> **Data extracts**
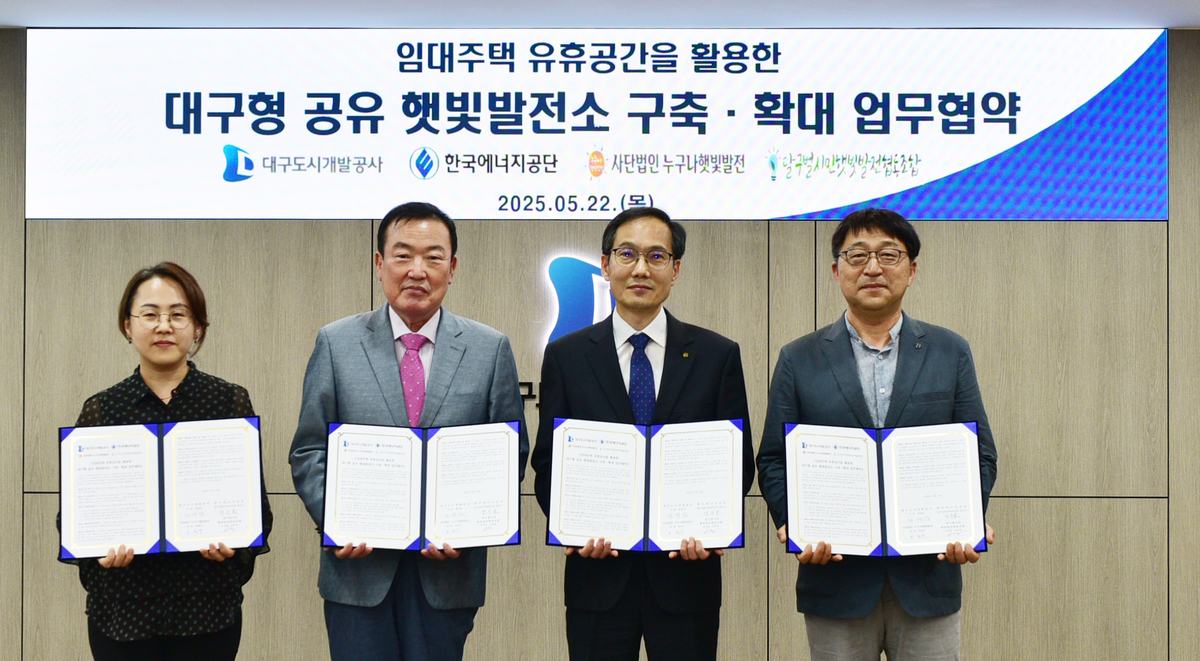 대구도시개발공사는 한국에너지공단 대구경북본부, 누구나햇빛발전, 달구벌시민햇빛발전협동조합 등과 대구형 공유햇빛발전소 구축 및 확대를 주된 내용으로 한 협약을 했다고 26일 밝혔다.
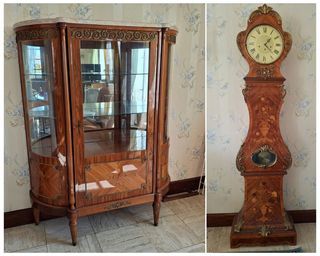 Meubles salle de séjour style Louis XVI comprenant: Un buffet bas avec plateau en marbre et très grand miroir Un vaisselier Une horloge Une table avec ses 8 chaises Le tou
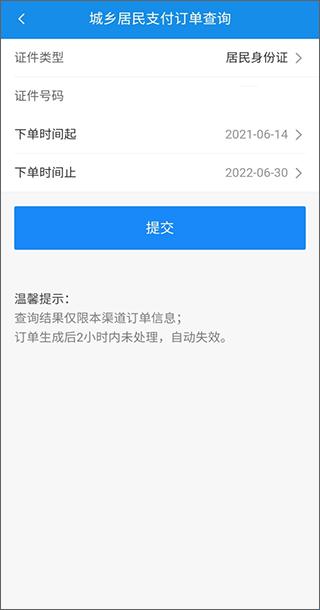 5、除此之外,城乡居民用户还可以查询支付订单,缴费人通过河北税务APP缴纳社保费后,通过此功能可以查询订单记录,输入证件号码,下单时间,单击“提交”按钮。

---

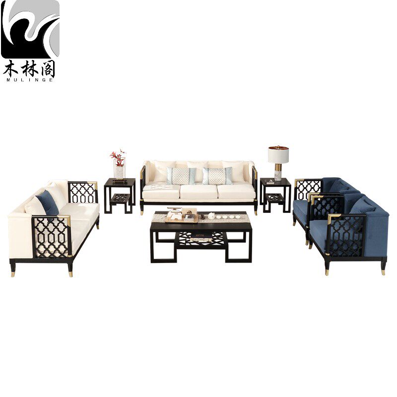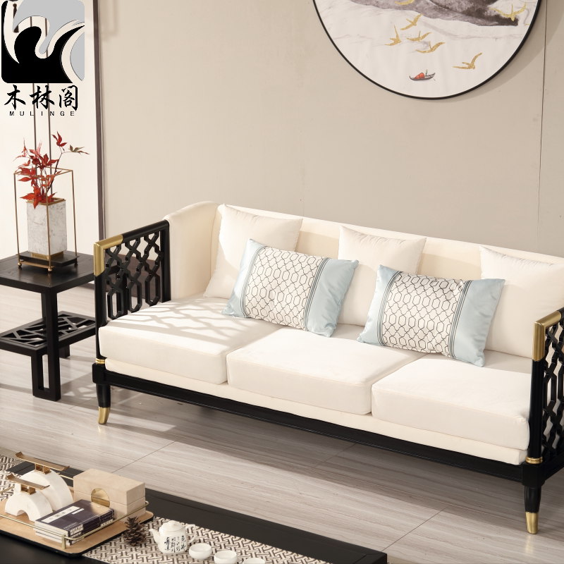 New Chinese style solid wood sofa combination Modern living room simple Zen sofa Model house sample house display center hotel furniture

> **Task prompt**
Whatever pictures the records hold, omit them; give again exactly the lines from the one containing "Meubles salle de" through the one containing "5、除此之外,城乡居民用户还".

> **Written response**
 Meubles salle de séjour style Louis XVI comprenant: Un buffet bas avec plateau en marbre et très grand miroir Un vaisselier Une horloge Une table avec ses 8 chaises Le tou
 5、除此之外,城乡居民用户还可以查询支付订单,缴费人通过河北税务APP缴纳社保费后,通过此功能可以查询订单记录,输入证件号码,下单时间,单击“提交”按钮。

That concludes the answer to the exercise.